Wow that is a really good deal, even without the wireless adapter. If they send me an email I am jumping on it ASAP. Is the email directly from Tivo?


----------



## caddyroger (Mar 15, 2005)

Hopefully they will send me a email with that offer. I sure will take that offer.


----------



## Burrens (Oct 2, 2006)

Is there a specific code in that email that you have to mention, or a special link? Did you just mention the email, and they applied/gave you the special?


----------



## smark (Nov 20, 2002)

They appear to have had the Humax linked already in their system as when I asked they checked and said it was my humax that qualified fir the offer.


----------



## Burrens (Oct 2, 2006)

Hmm, you're lucky. I hope they offer this offer to all current series 2 owners too.


----------



## LDLDL (Jan 12, 2002)

Make sure it's new and not a refurb!!!


----------



## pcbrew (Mar 15, 2008)

smark said:


> Any other Humax (or otherwise) owners get the e-mail? Are they trying to phase them out?


Is is a Humax w/DVD burner?
I got one in 2005 too but have not gotten this offer (yet).


----------



## smark (Nov 20, 2002)

Non DVD burner and I verified that it was new equipment and not returned. The email also said new and not refurb.


----------



## Ladd Morse (Feb 21, 2002)

If TiVo wishes to further test at what price point people will buy HD units:

I'm still running two Series 1 boxes with Lifetime; if TiVo wants to offer me the deal they offered you, I would gladly purchase two HD units (with G-adapter) AND buy the existing-customer $299 Lifetime for them both too.


----------



## TishTash (Jan 24, 2008)

LDLDL said:


> Make sure it's new and not a refurb!!!


That's an unfair statement. As many posts have said, refurbs are incredibly reliable, some say more so since they've been individually re-tested, and not put up for resale (at least by TiVo itself) unless working properly. Given this, they may be more dependable off-the-shelf than new ones produced just off the assembly line.

(Case in point: All my TiVo's are refurbs except for the last one, a new HD XL. They have all been maintenance-free except for--you guessed it--the XL.)



smark said:


> I got an e-mail today from Tivo offering a new TivoHD + Wireless adapter for $149 + tax and free shipping so I took them up on it. In the fine print it mentioned it was to replace an existing subscription and when I called them up to ask which one it would replace they told me it would be my 80 hour Humax box I've had since 2005.
> 
> Any other Humax (or otherwise) owners get the e-mail? Are they trying to phase them out?

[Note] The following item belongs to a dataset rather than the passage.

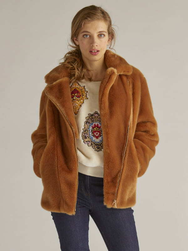Veste motard en fausse fourrure écureuil de Derhy
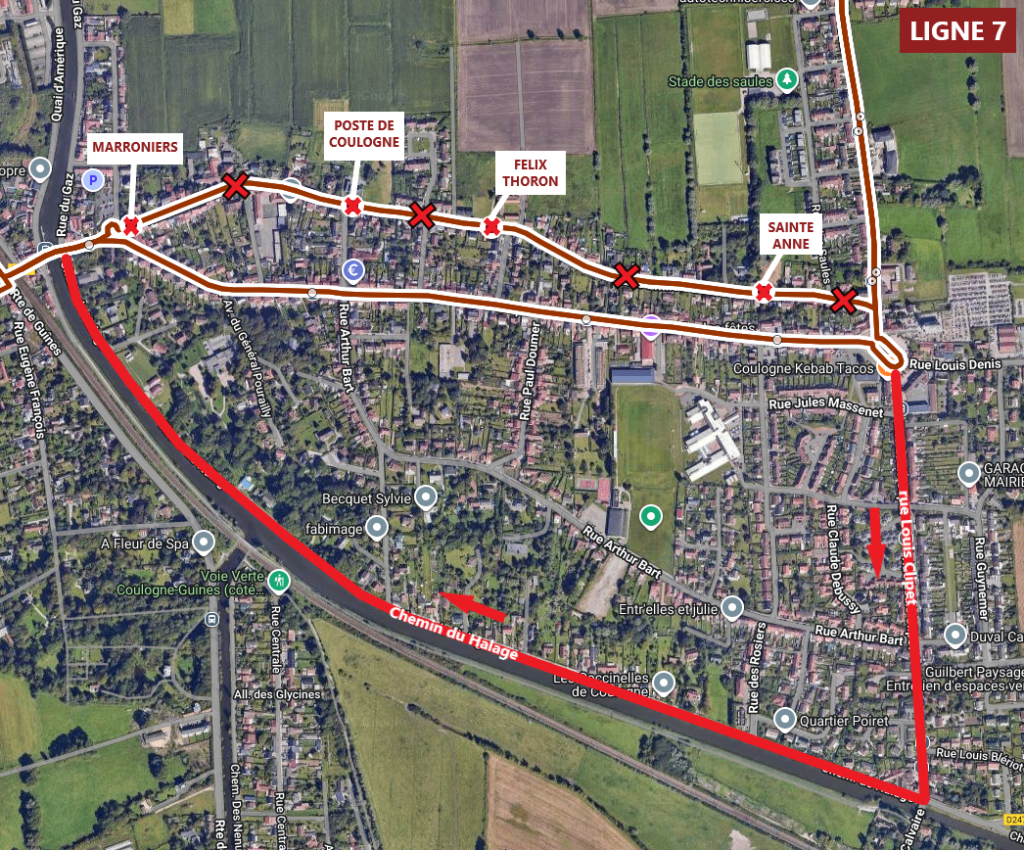 Les arrêts « Sainte Anne », « Felix Thoron », « Poste de Coulogne » et « Marronniers » ne seront pas desservis.

Also for what it's worth, I stumbled (completely by sheer luck, so I claim no credit for this at all) upon a refurb TiVo HD on eBay which included a _free year's subscription._ (I had to read that twice before I realized it.) And this was without any strings attached.

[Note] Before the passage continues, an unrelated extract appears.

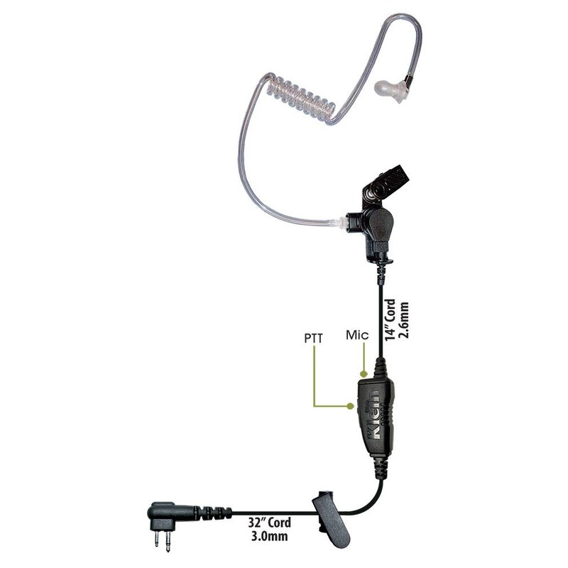 Klein Star 2 Pin Earpiece with in Line PTT Button and Mic 2 Way Radio Earpiece Headset Single Wire for Blackbox Plus Blackbox Bantam Motorola CP Series and Other 2 pin Radios

Bidding on it resulted in a winning bid of $169 (around what HDs were going for _without_ the free subscription) _plus_ what turned out to be $156 credit ($13 x 12 mos). As it was my second unit, the lifetime subscription went from $399 to $299, and ultimately cost $143.

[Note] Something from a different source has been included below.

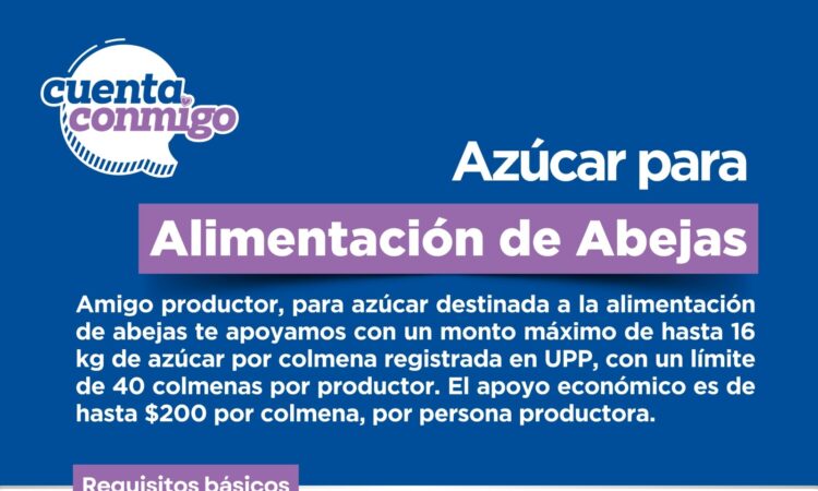 A través de este programa se respalda la producción apícola, mediante la entrega de hasta 16 kilogramos de azúcar por colmena registrada en la Unidad de Producción Pecuaria (UPP), con un máximo de 40 por persona y un monto de hasta 200 pesos por cada una.

So for around $300, I got an HD with lifetime. I don't look forward to much good luck in the near future.


----------



## Dan203 (Apr 17, 2000)

Man I have a Toshiba DVD unit I was thinking about replacing with a TiVo HD. If they offered me this price point for it I'd be all over it.

Dan


----------



## a56567go (Apr 12, 2008)

Yep! I just got an offer on my Series II.


----------



## Dan203 (Apr 17, 2000)

You people that are getting this offer are your TiVos lifetime or monthly?

Dan


----------



## smark (Nov 20, 2002)

Mine are all monthly with no 1 year commits or anything like that. Legacy monthly.


----------



## Sparty99 (Dec 4, 2001)

Any chance people who are getting this offer would be willing to forward this email? Don't know if it would do any good (I'd guess not), but I'd like to see what the message looks like.


----------



## ZeoTiVo (Jan 2, 2004)

a56567go said:


> Yep! I just got an offer on my Series II.


what model and what kind of subscription, 6.95 monthly or what?


----------



## Dan203 (Apr 17, 2000)

serumgard said:


> Any chance people who are getting this offer would be willing to forward this email? Don't know if it would do any good (I'd guess not), but I'd like to see what the message looks like.


I'd like to see this as well.

Dan


----------



## a56567go (Apr 12, 2008)

It's a TiVo Series2 grey box. I have a number of lifetime subscriptions, but not on this unit. This unit is on a monthly plan. The message came in my TiVo inbox (not email). ...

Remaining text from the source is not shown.